Este recibió con satisfacción las armas de Aquiles: el escudo y el casco grabados con
hermosas figuras, la fuerte coraza y las grebas, la espada con incrustaciones de oro y nácar
en su empuñadura y la poderosa lanza. El veredicto de los troyanos sentó muy mal a Ayax,
el cual permaneció mudo y rehusó probar comida y bebida a lo largo del día. Su cuerpo y
su mente estaban inflamados por la ira.
El sentimiento de frustración le agitaba interiormente hasta tal punto que pensó en matar
a Odiseo, arremeter contra sus propios compañeros o quemar las naves. Al llegar la noche,
Ayax se encerró en su tienda sin poder olvidar la humillación. Se acostó en su lecho y se
revolvió en él, lleno de agitación. Se levantó, después, de la cama, en un estado de
completa ofuscación y cogiendo su espada, salió al exterior dispuesto a enfrentarse con
Odiseo y con sus propios camaradas. Su del irio le llevó a arremeter contra unas ovejas y
unos carneros que por allí había. Dando golpes de espada a diestro y a siniestro, degolló y
mató a numeroso ganado, creyendo que peleaba con Odiseo y otros jefes, como Menelao y
Agamenón.
Cuando volvió en sí de su alucinación, sus compañeros que se habían enterado de su
estado delirante, se pusieron a reír y se mofaron de él con continuas bromas y chanzas.

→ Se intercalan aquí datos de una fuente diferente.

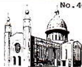
CHURCH OF THE HOLY SPIRIT, 15 BENEVA CROSS, CO. RM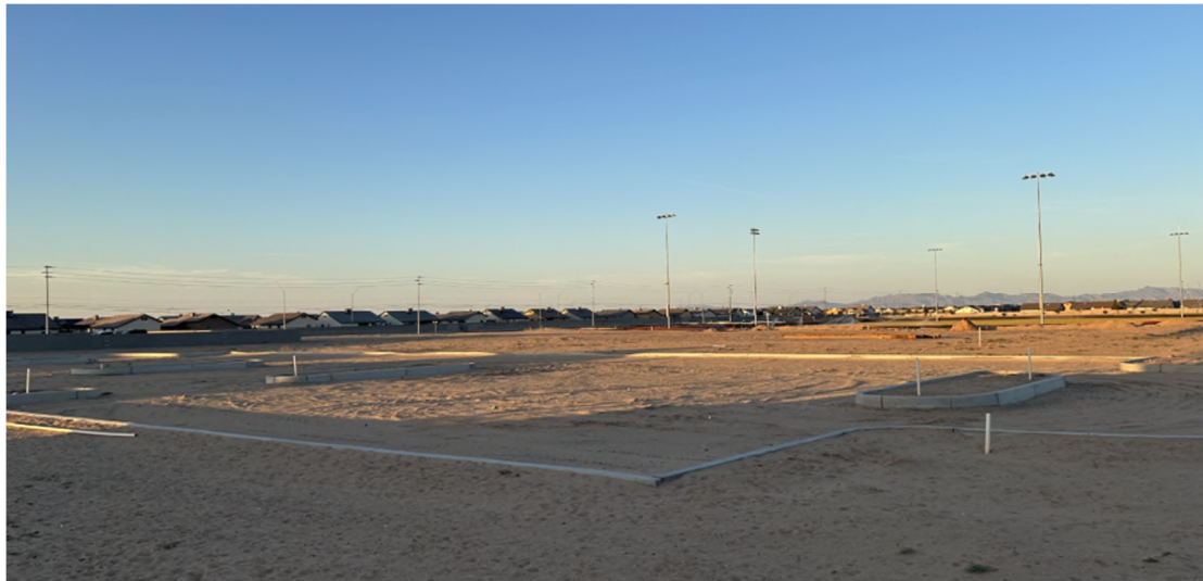
West Parking Lot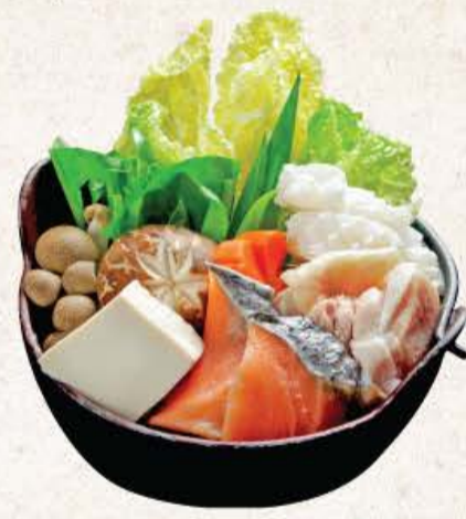
Ishikari Nabe 98 ++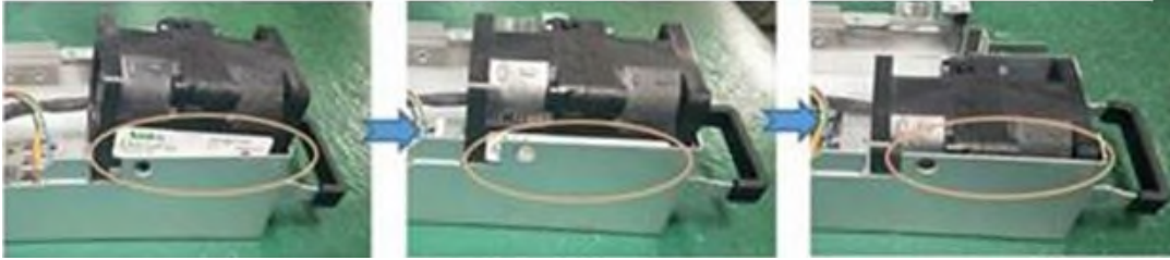
Figure 3. Label is now covered and protected by power supply chassis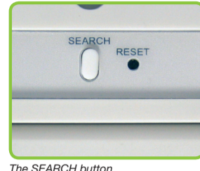
The SEARCH button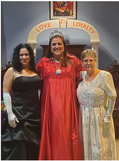
My Marshal and Page in Lily of the Valley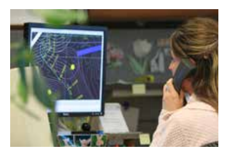
Spare Parts and Upgrades Drive Replacement (top) Engineering Services available to optimize your system(bottom)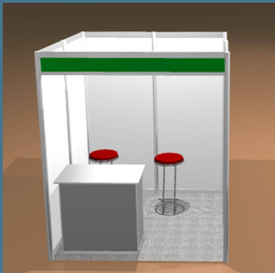
2m x 2m Booth

The booth rental includes two access badges to the exhibit area. Software/database demonstrators who wish to attend the technical sessions must register for the Conference, but they will be eligible for a 25% reduction on the conference fees of two registrants associated with the organization renting the booth.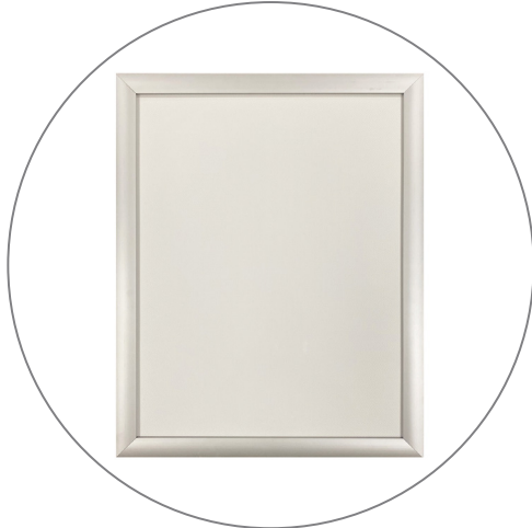
(qty 1) Snap Frame Backlit w/PVC Protection Film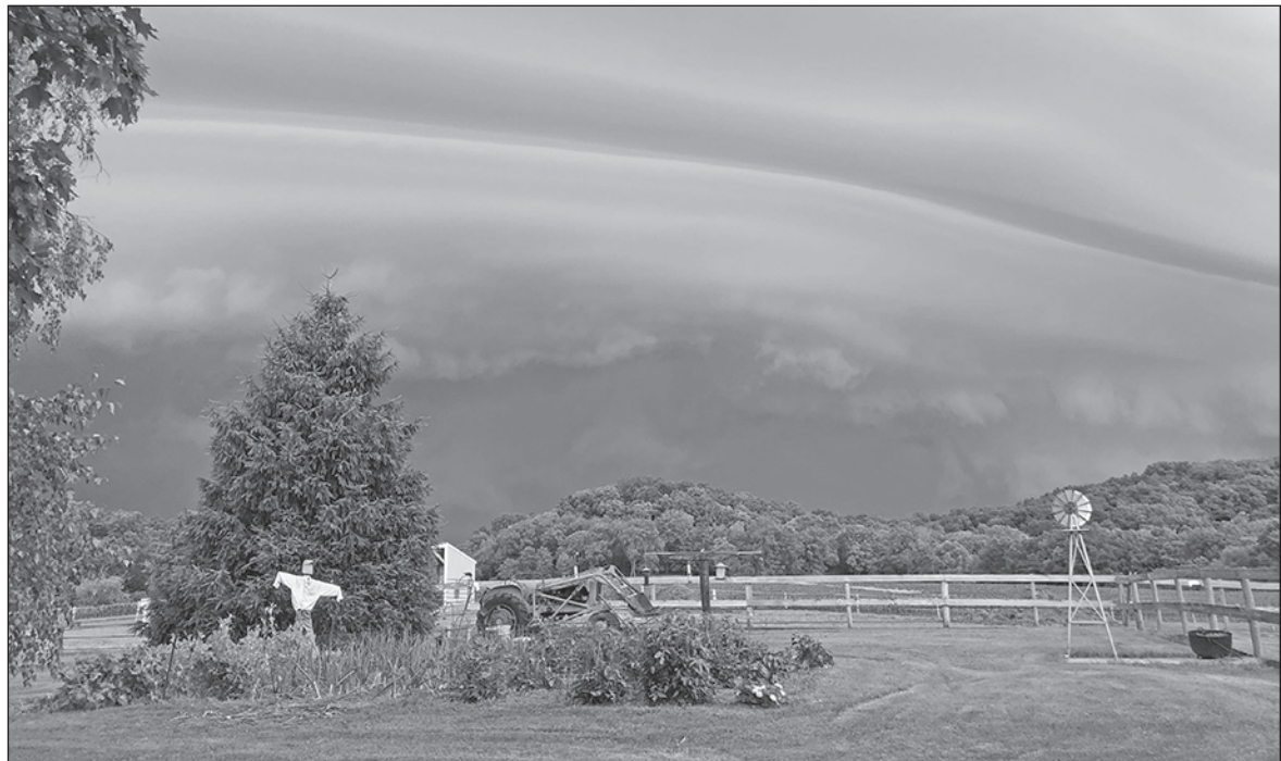
The Scoop Today

Did you know the Jo Daviess Conservation Foundation is a local, member supported non-profit

Esta nueva humillación sumada a la anterior, consiguió que el heroico jefe, que había
luchado valerosamente en numerosas batallas, se sintiera malherido en su prestigio. Al no
poder soportar su lamentable estado interior, se atravesó con la espada.
La muerte de Ayax entristeció de nuevo el campamento griego, pues desaparecía su
segundo jefe más esforzado. Después de incinerar su cuerpo y de celebrar sus funerales, se
le erigió un monumento en un promontorio llamado Reteo.